Example 2: Sizing gp2 for Baseline Performance
Scenario: A company needs 1,200 IOPS consistently without relying on burst credits. What is the minimum size of a gp2 volume required?
- Use the 3 IOPS per GB Rule: Size = \frac{1200 IOPS}{3 IOPS/GB}$.
- Calculation: $400 \text{ GB}$.
- Conclusion: A 400 GB gp2 volume will provide a steady 1,200 IOPS baseline.
Checkpoint Questions
- What is the maximum network throughput for a private VPN connection to AWS?
- If an Oracle database uses an 8 KB page size, how many I/O operations occur when writing 16 KB of data?
- Which metric defines the amount of data loss a business can tolerate: RTO or RPO?
- What is the minimum storage size for an Amazon RDS volume?
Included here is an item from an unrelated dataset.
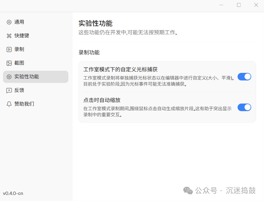 软件支持丰富的自定义设置与灵活的分享方式,兼顾个性化体验与协作效率:全维度自定义:可调整软件主题、外观与语言,适配不同使用习惯;支持快捷键自定义,录制启停、模式切换、暂停等操作均可设置专属快捷键,提升操作速度;还可调节录制倒计时、最大帧率、分辨率等参数,精准匹配设备性能与录制需求。灵活导出与分享:支持MP4、GIF等多种格式导出,可自定义保存路径与文件名称;内置一键分享功能,生成分享链接后无需下载即可发送给他人,同时支持密码保护敏感内容,兼顾便捷性与隐私安全。实验性功能拓展:提供自定义光标、捕获点击缩放等实验性功能,用户可根据需求开启尝试

- How does horizontal scaling differ from vertical scaling in terms of resource management?
▶Click to see answers
- 1.25 Gbps.
- Two I/O operations (16 KB / 8 KB = 2).
- RPO (Recovery Point Objective).
- 20 GB.
- Horizontal scaling adds more instances (e.g., Auto Scaling), while vertical scaling increases the size of an existing instance (e.g., moving from m5.large to m5.xlarge).